Examination format :
(2) if the premise without changing the routing table entry, please write in the number of routers up to the re-access router RF ().
Answer : 11
Analytical : routing aggregation results we just calculate the RF 10.10.13.48/28, so the host is 4 bits, the number of available host 2 . 4 -2 = 14, and because the nearly spent 3, 14-3 = 11.
Subnetting and variable length subnet
Example
, if the three sub divided 58.45.59.128/25, wherein the first subnet 48 to accommodate hosts, each subnet can accommodate two additional hosts 29, please state the subnet mask, and IP addresses available. (Note: the sequence number assigned by the subnet network address).
(A) three subnet mask, respectively (①), (②) and (③).
(Ii) the available IP addresses are (④), (⑤) and (⑥).
The answer : ①255.255.255.192 or / 26 ②255.255.255.224 or / 27 ③255.255.255.224 or / 27 ④58.45.59.129-58.45.59.190 ⑤58.45.59.193-58.45.59.222 ⑥58.45.59.225- 58.45.59.254
resolved :
(a) resolved to ask : since the first subnet need to accommodate 48 hosts, so we have to give it 6 host bits. (Because 5 bits are available hosts host 2 . 5 = 32, does not meet the intended title; 2. . 6 = 64, meets the requirements) so that a subnet number of bits is 26 bits, can be written as / 26 or 255.255.255.192 (alternative to); 29 required the second subnet hosts, so it points to the host 5 bits, then the second network number is 27 digits, can be written as / 27 or 255.255.255.224; third subnets with the second subnet.
(B) ask resolve: We first 58.45.59.128 fourth paragraph into a binary, get 58.45.59.10000000. Because the need to follow a sequence number assigned subnet network address, the first IP address of the first subnet is 58.45.59.10000001 → 58.45.59.129. And because the host bits of a subnet is 6, so the last IP address of the first subnet is 58.45.59.10 | 111110 → 58.45.59.190, first ④ space for 58.45.59.129-58.45.59.190.58.45. 59.10 | 111111 → 58.45.59.191 is the first direct broadcast subnet address, apparently 58.45.59.192 is the second subnet network address, 58.45.59.193 is the first available IP address of the third subnet.
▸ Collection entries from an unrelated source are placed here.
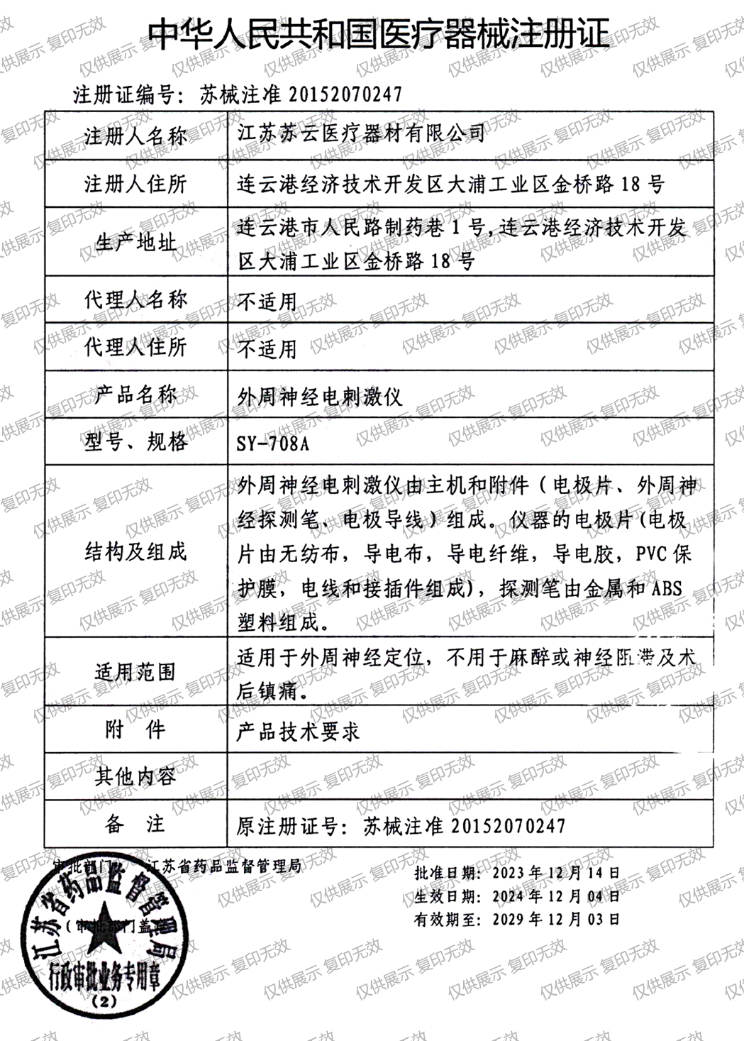 注冊證編號:蘇械注準(zhǔn)20152070247
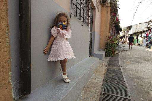 Five-year-old Fernanda Serrato poses in front of her house wearing a homemade mask to protect her from the spread of the new coronavirus, in the Papini community of San Salvador, El Salvador, Thursday, April 23, 2020. When the coronavirus appeared, President Nayib Bukele closed the borders and airports and imposed a mandatory home quarantine for all except those working in the government, hospitals, pharmacies or other designated businesses. People were allowed out only to buy groceries, and violators were detained, with more than 2,000 being held for 30-day stints. (AP Photo/Salvador Melendez) The Associated Press
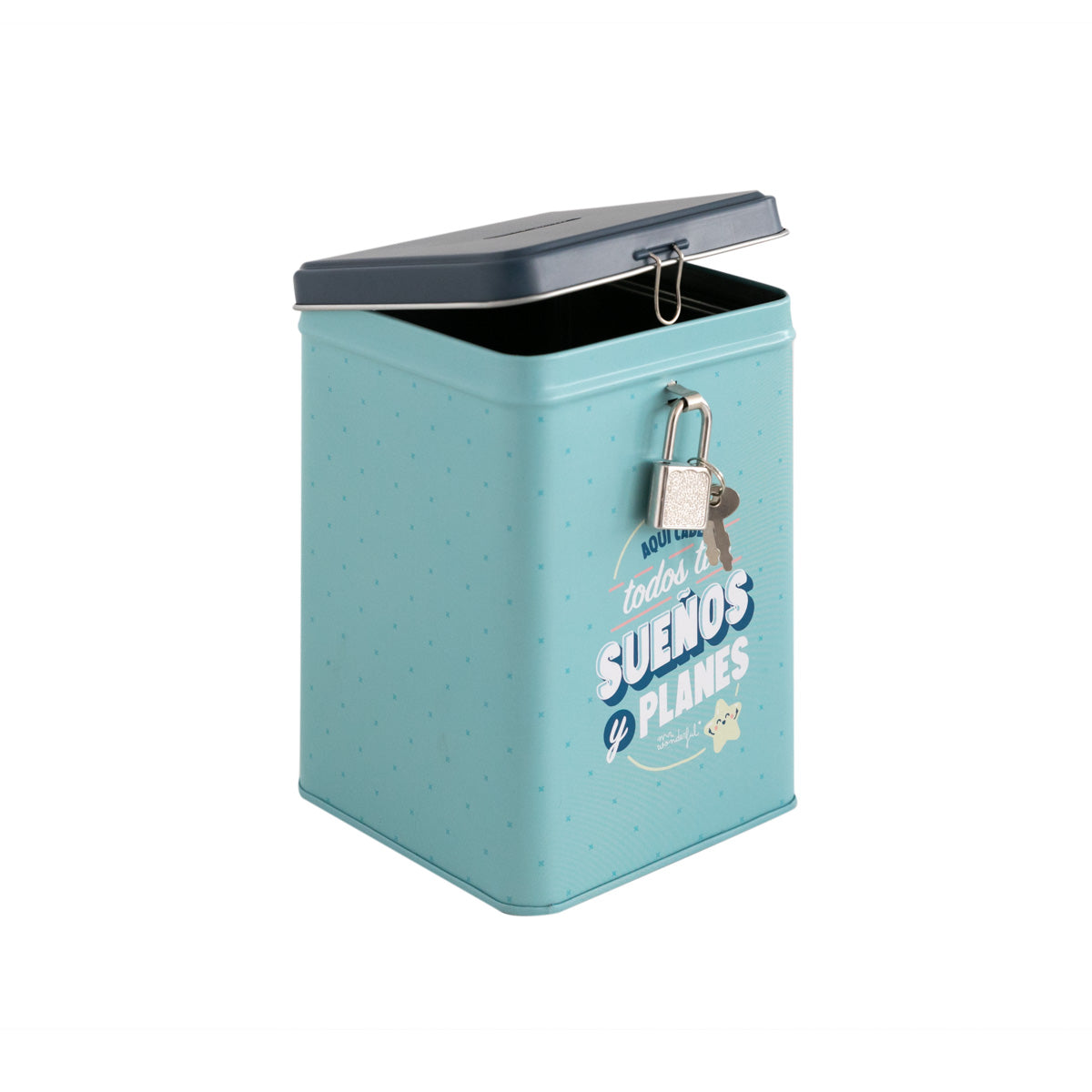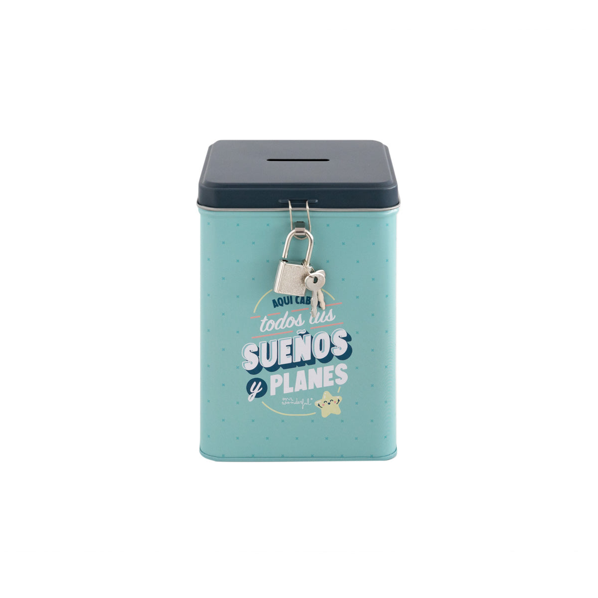 En esta preciosa hucha de Mr. Wonderful cabe tu sueño de aprender a to car la guitarra, cabe tu ilusión de montar en las atracciones de la feria o las ganas que tiene s de pasarlo bien con tus amigos en el cine. Sabemos que todo esfuerzo conlleva su recompensa y por eso te apoyamos para que logres alcanzar muchos de tus sueños con esta hucha. Su forma es cuadr ada y es de aluminio, tiene un diseño muy wonder, para que la puedas usar como decoración en tu ha bitación, en tu escritorio o en algún lugar secreto, ¡tú eliges!
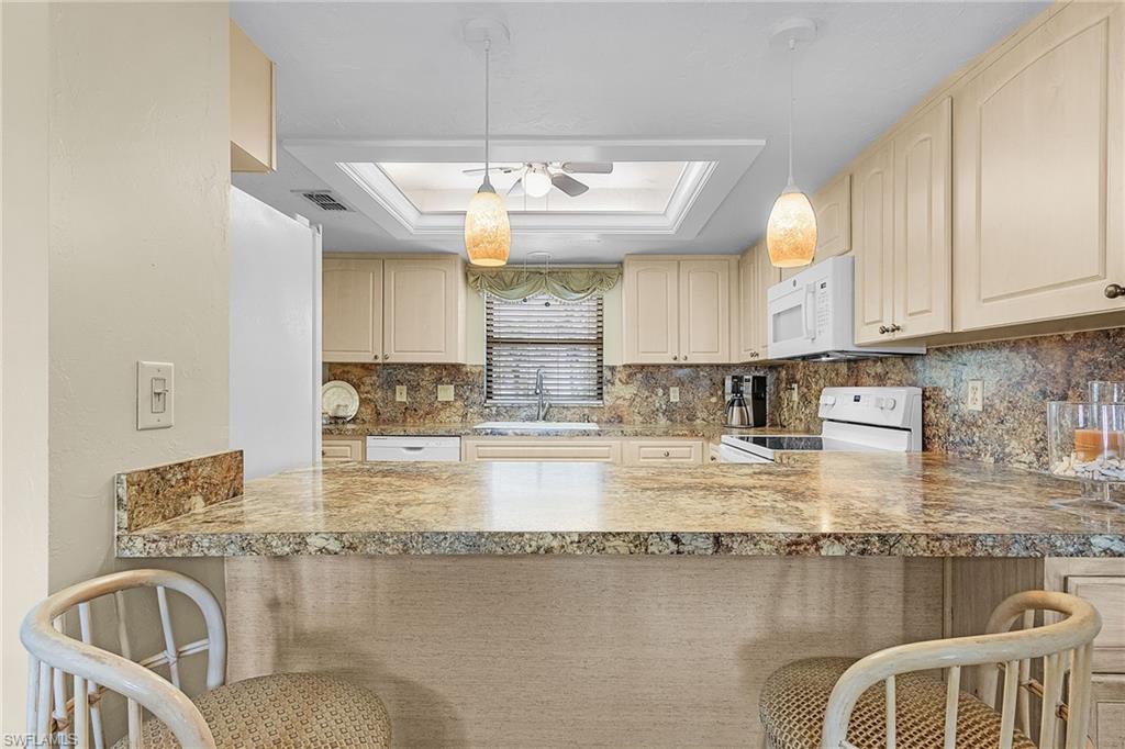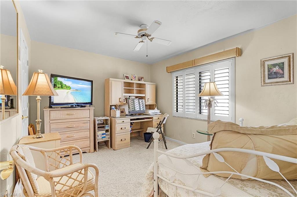 2 bed/2 bath condo in Casa Marina! Wonderful unobstructed views of the canal and EBIA walking path. This light and bright condo features a spacious living room with open dining room. There are 2 separate lanai's with metal shutters. The primary bedroom has a large walk-in closet and en-suite as well as private lanai and laundry room with new washer and dryer. The split 2nd bedroom and bathroom is perfect for privacy for guests. Enjoy morning coffee or an evening beverage watching the dolphins and manatees swim and play right from the comfort of this condo. Gulf facing making evening sunsets a delight. Under building parking and secure foyer for added security. Casa Marina is pet friendly. Community pool and EBIA amenities include: Deeded Beach Access, Beach Parking, Tennis, Pickleball, Bocce Ball, Walking Paths, Chipping Greens, Driving Range and Fishing Pier, Boat slips available for purchase or lease for Bay Beach owners. Located on the South end of Fort Myers Beach close to restaurants, shopping, lovers key state park and a quick drive to Bonita, Naples and RSW Airport.
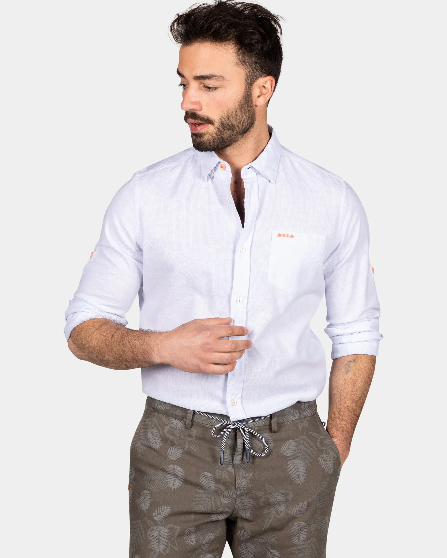 Hellblaues Leinenhemd mit Stretch – Light Sky
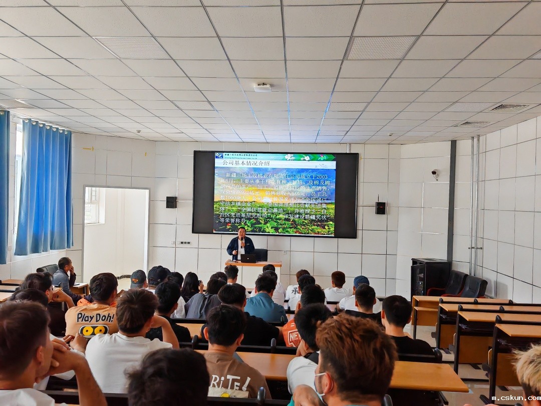 随后新疆三场丰收棉业有限责任公司杨经理就企业发展史、所获荣誉、经营现状、未来发展等方面对企业进行了介绍。然后,同学们就介绍过程中所产生的一些疑问一一做出了提问,杨经理耐心的做出了解答。最后,杨经理还邀请老师和同学们前往企业进行实地考察,进一步增进对企业的了解。
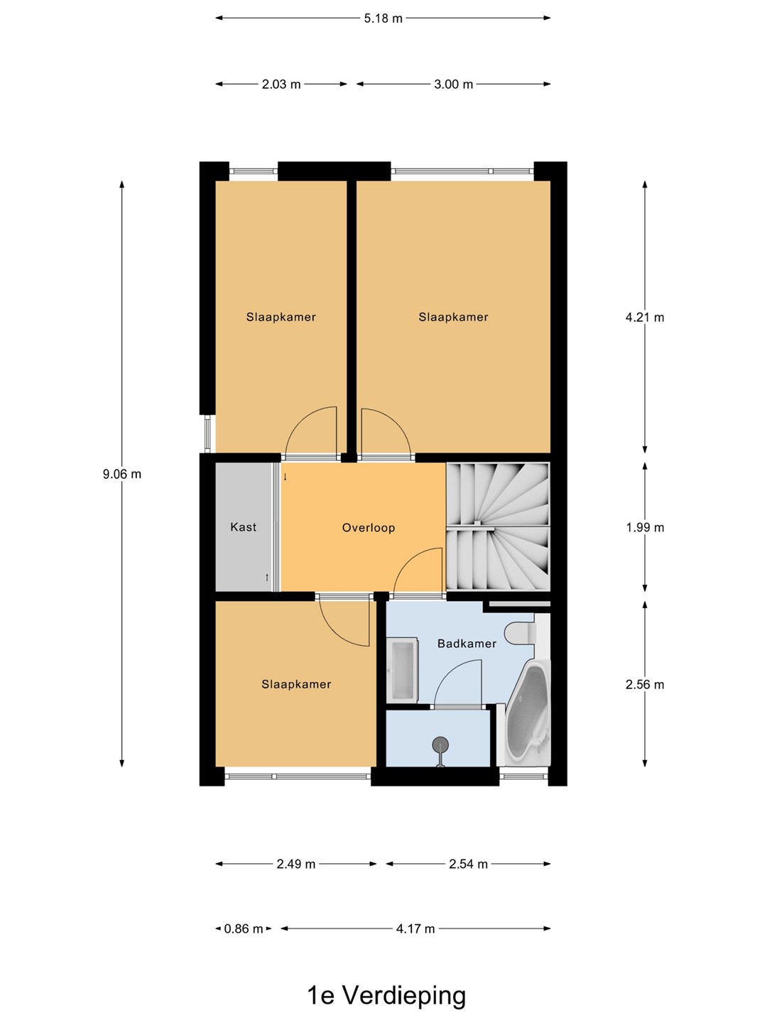 Eerste verdieping: overloop met ruime inbouwkast; drie slaapkamers; badkamer voorzien van ligbad, inloopdouche met regen douche en handdouche, toilet, design radiator en wastafelmeubel.
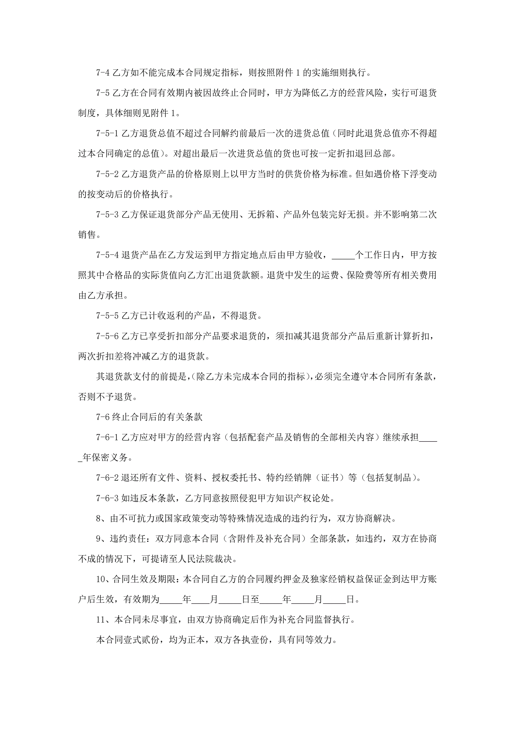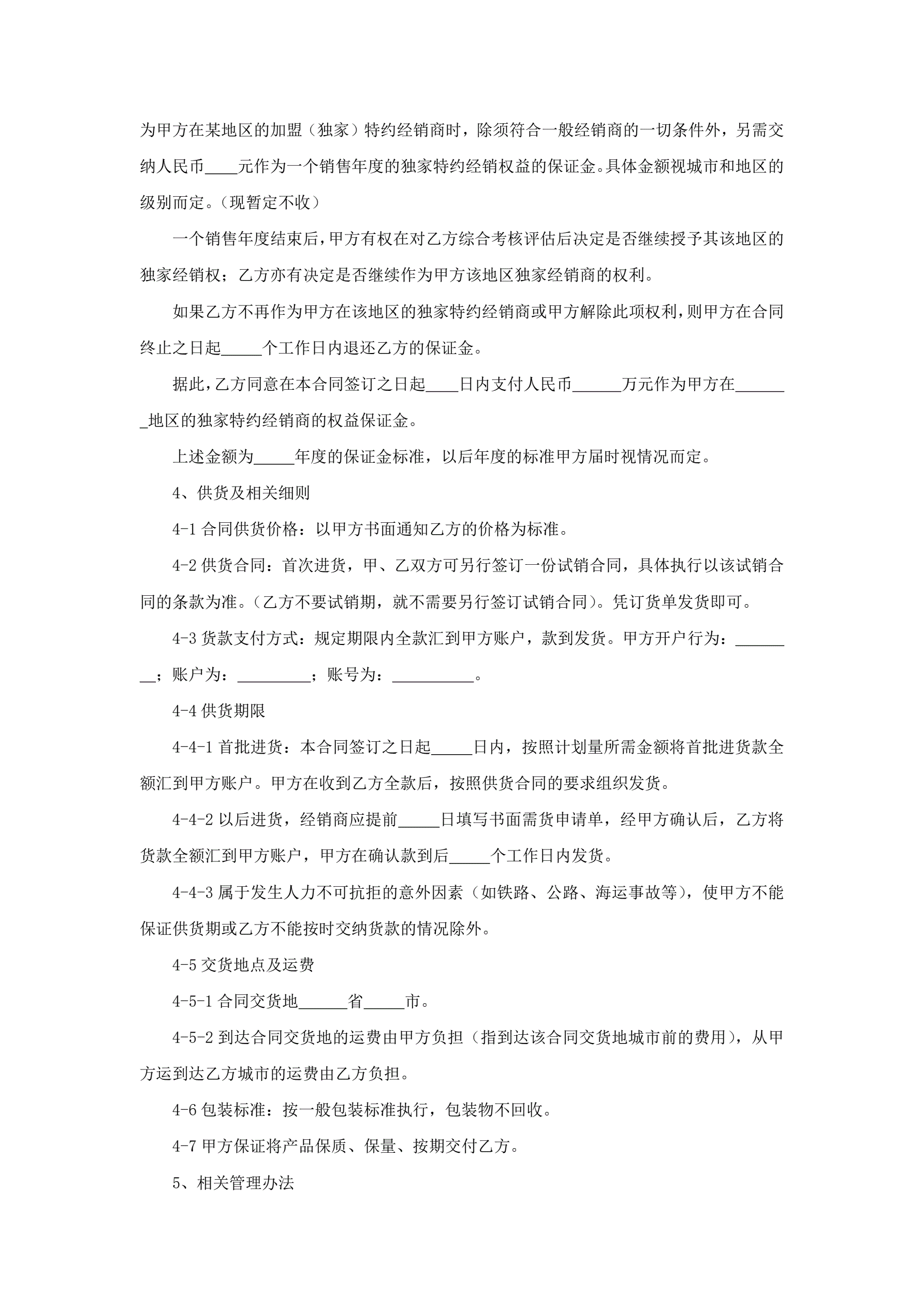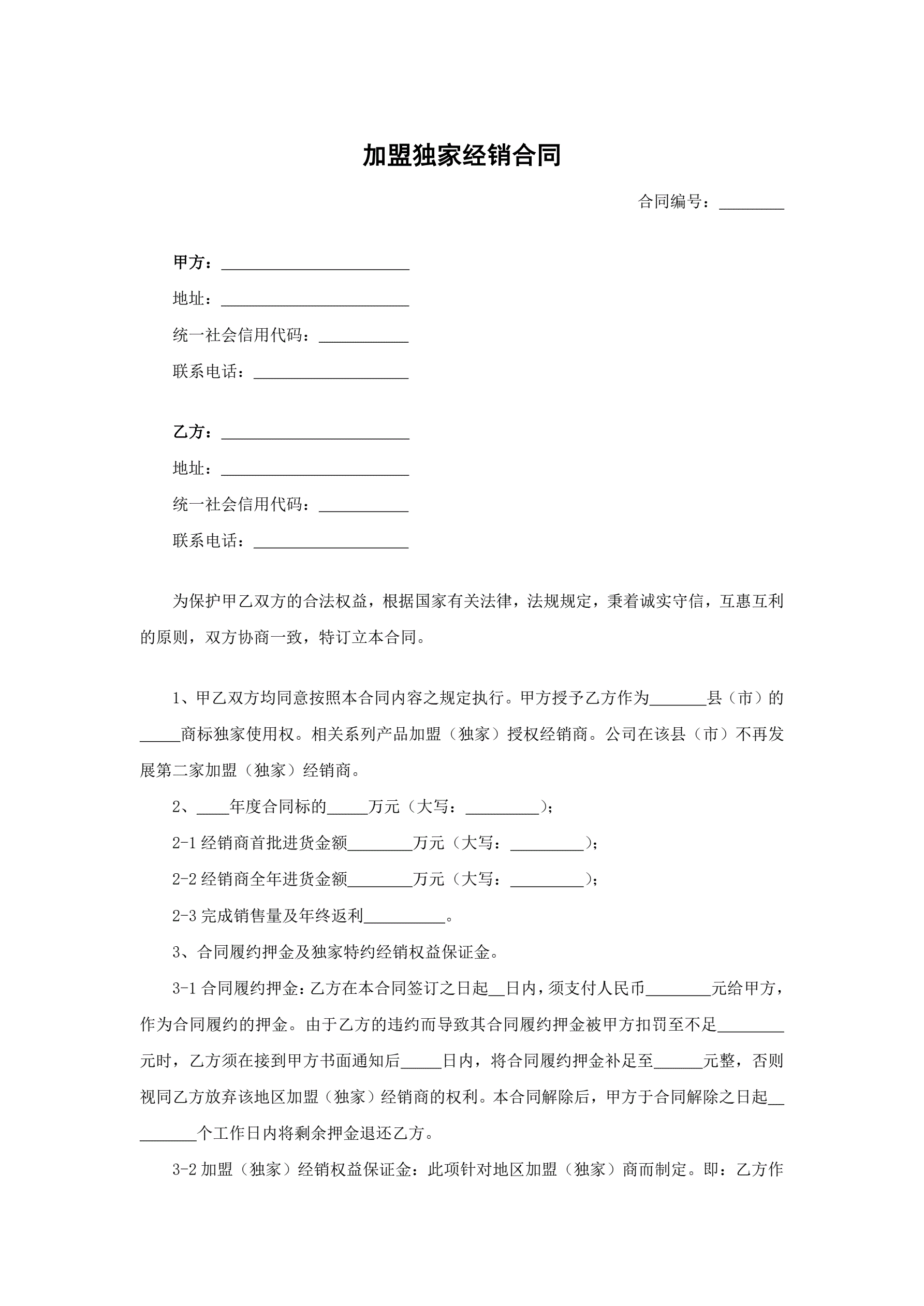 加盟独家经销合同
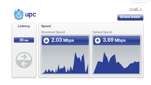 Benutze derzeit einen Asus USB-N13 Adapter Wireless-N300 WLan Stick (neuesten Treiber installiert). Habe ich mir von einen Bekannten ausgeborgt, bei dem der Stick reibungslos und mit hoher Geschwindigkeit funktioniert. Wie ich früher mit Lan gemessen habe(Laptop) hatte ich um die 80 Mbps Download und ca. 10 Mbps Upload Speed. Ich häng mal ein Bild dran wie meine Geschwindigkeit jetzt ist. Kommt halt nur manchmal vor aber kann ja nicht immer an UPC liegen schätze ich mal. Ich frage mich ob ich mir auch noch einen neuen Router kaufen soll und ob das DLan mir überhaupt nichts bringen würde.. Laut UPC Austria habe ich den neuesten von ihnen bekommen. Sind da andere Marken Router besser? Hoffe ihr könnt mir bei meinen endlos nervenden Problem helfen... MfG
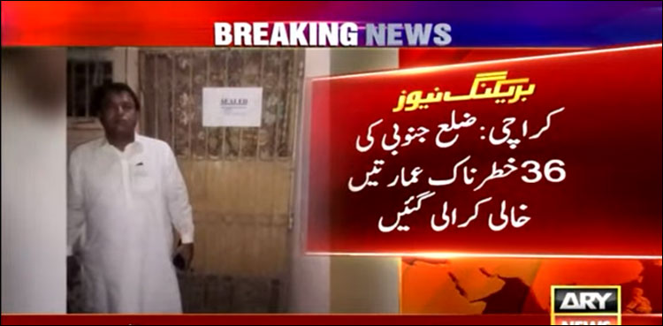 کراچی: سمندری طوفان کے خدشات کے پیش نظر کراچی کے ضلع جنوبی میں 36 خطرناک قرار دی گئی عمارتوں کو خالی کرا لیا گیا۔

And because there are five second subnet host bits, so the last available IP address of the second subnet is 58.45.59.110 | 11110 → 58.45.59.222, empty for the first ⑤ 58.45.59.193-58.45.59.222. Again Obviously, 58.45.59.223 is a direct broadcast address of the second subnet, 58.45.59.224 is the network address of the third subnet, so the first available IP address in third subnet is 58.45.59.225, and because third there are five subnets host bits, so the last available IP address for the third subnet 58.45.59.111 | 11110 → 58.45.59.254, so the first ⑥ space for 58.45.59.225-58.45.59.254.
After experiencing such a title can be used this way .
^ _ ^ ...
Firewall installation and configuration
Knowledge (to remember)
■ If the network through a firewall Cisco PIX25 access the Internet, and part of the network need to access the Internet, the need to use two configuration commands followed by nat and , Ltd. Free Join ;
■ If the Cisco PIX525 firewall FW is, FTP server within the network required to allow the network to provide services outwardly, the command should be used Fixup ;
■ firewall FW is Cisco PIX525, if the external network to allow FTP server within the network service, the configuration commands required fixup protocol ftp or Fixup .
■ filtering the data packets to be detected when entering the network, and determines whether the packet contains this feature compromise security. If a detected malicious data packets, the system sends an alert only, measures will be taken in response (e.g., discarding packets containing offensive or connector block) to block the attack. This device name is PIX .
Other test sites
■ If the firewall FW is Cisco PIX525, if you need to configure a server to a network of public IP addresses, configure command should be used to write static ;
if you want to network access to Internet, then on ■ in RG (router) It should be in series with a dedicated device, write the function of the device must have the NAT .
Answer questions about the application of techniques basically here, then the next step is we refuel! Come on! Come again!